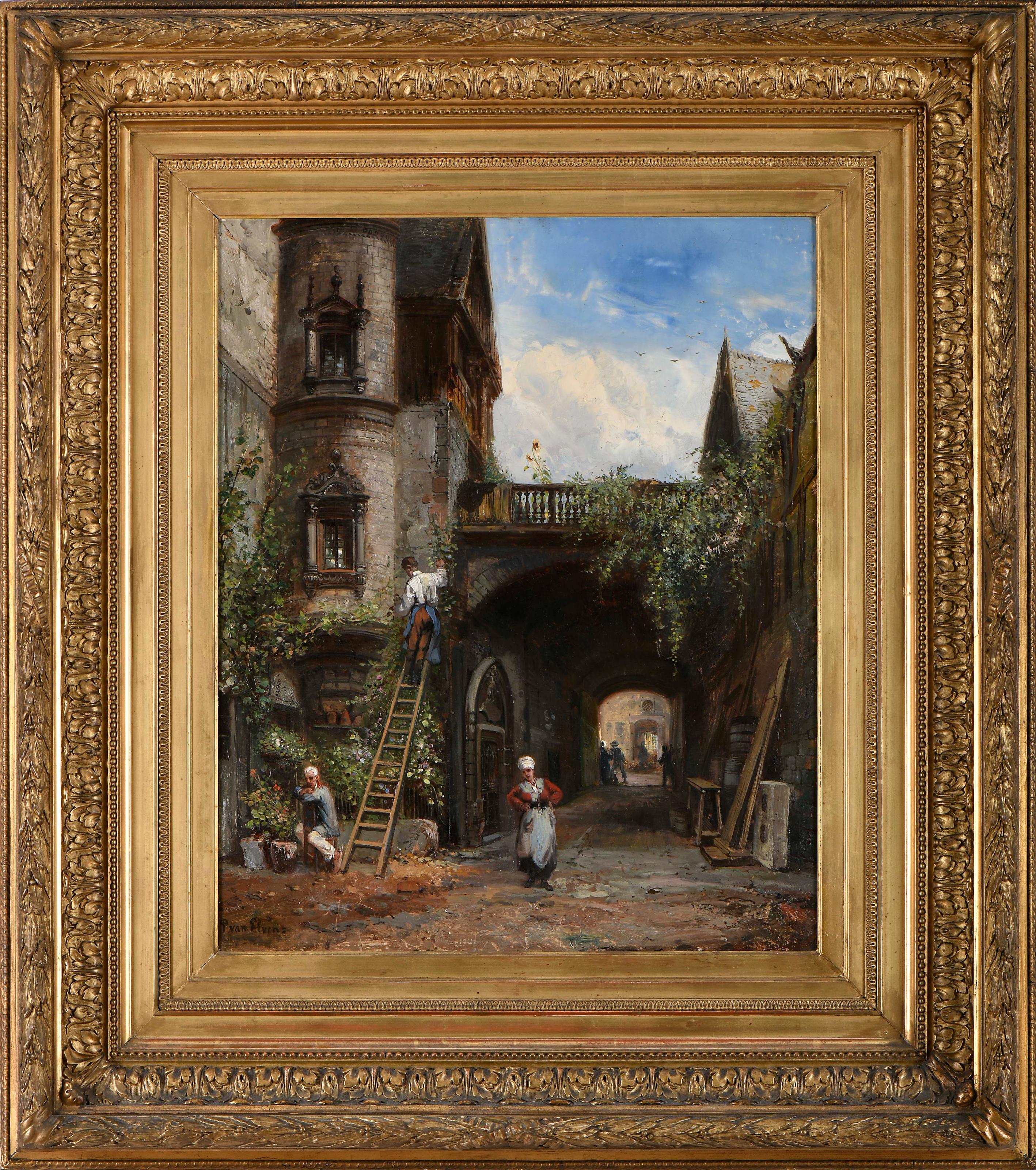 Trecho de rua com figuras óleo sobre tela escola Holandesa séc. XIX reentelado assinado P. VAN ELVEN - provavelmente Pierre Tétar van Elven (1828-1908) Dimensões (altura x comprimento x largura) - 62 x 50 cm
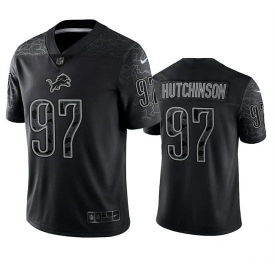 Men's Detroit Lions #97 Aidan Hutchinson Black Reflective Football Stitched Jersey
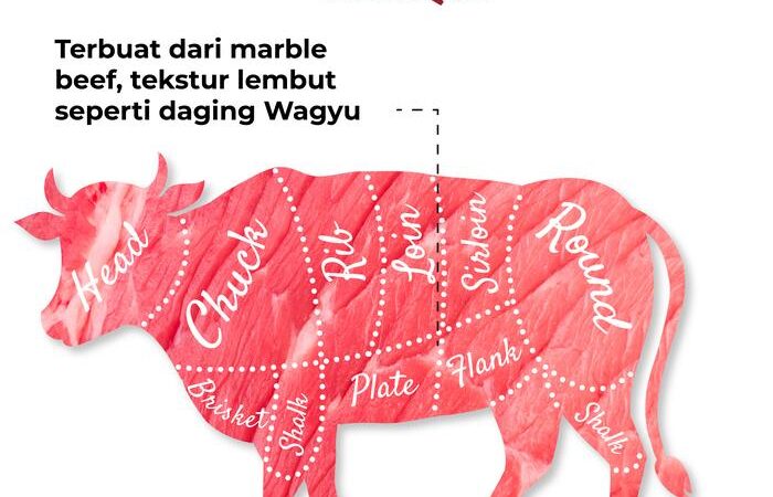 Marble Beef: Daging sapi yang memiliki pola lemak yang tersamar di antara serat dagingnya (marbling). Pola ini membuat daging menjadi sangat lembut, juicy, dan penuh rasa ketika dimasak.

──────────

* Aim of the exercise *
Print exactly, and only, the lines from the one with "Men's Detroit Lions" through the last line of the listing above. No pictures belong in the copy.

* Exercise response *
 Men's Detroit Lions #97 Aidan Hutchinson Black Reflective Football Stitched Jersey
 Marble Beef: Daging sapi yang memiliki pola lemak yang tersamar di antara serat dagingnya (marbling). Pola ini membuat daging menjadi sangat lembut, juicy, dan penuh rasa ketika dimasak.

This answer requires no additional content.